The blue uniformed nurse bent down over the bed, and spoke in the Prince's ear.
The Prince opened his eyes, saw him, recognized him, and smiled.
"They tell me that I have got 'the route' Alfred," he whispered painfully. "I am not afraid to die. But I would live if I could. I know, no one knows as I know, what this will mean to you. They tell me I mustn't talk. I can't talk.

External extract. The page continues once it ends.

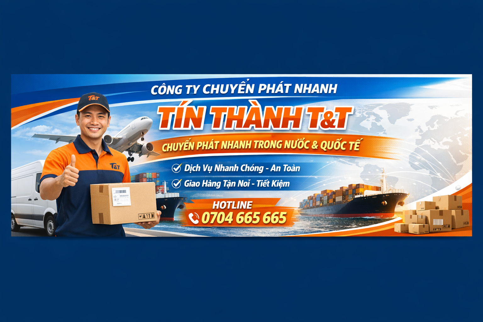 Với phương châm “Nhanh chóng – An toàn – Hiệu quả”, CÔNG TY TNHH VẬN CHUYỂN TÍN THÀNH T&T cam kết mang đến dịch vụ vận chuyển chuyên nghiệp, đáng tin cậy, góp phần hỗ trợ khách hàng tối ưu hoạt động kinh doanh.

"The Duke is your man. Trust the Duke! He will not fail you. He will be your sheet anchor. With the Duke to steady the ship, you will ride out the storm."
An hour later, the Prince lay dead.
The King flung up his head.
The Duke had not failed him.
Many men had mourned the Prince's death, but no man had mourned it, as had the veteran Prime Minister. Between the Duke and the Prince, it was notorious, there had been a friendship, a constant association, personal and political, closer than that between many a father and son. Politically, the Prince's death must have been a staggering blow to the Duke. And yet the wonderful old man had never faltered. Early and late, he had laboured, with inexhaustible patience, at times with a surprising freedom, and yet always with a tact which made his freedom possible, to place his unrivalled knowledge, and his ripe wisdom, untouched by party spirit, at the service of a new, a young, and an inexperienced King.
The King was not ungrateful.
Still leaning wearily as he was against the roof balustrade, he turned now, as he thought of the old Duke, and looked across the shadowed darkness of St. James's Park, at the golden glare thrown up by the illuminations in Whitehall. There, in the silent, rather comfortless, and closed in house, in Downing Street, where he had lived, with hardly a break, for so many years, his father's minister, his brother's friend, the old Duke, even now, as likely as not, was hard at work, indomitable, tireless, resourceful, sparing neither himself, nor his subordinates, so that he, the King, "a sailor, not a Prince," might reign.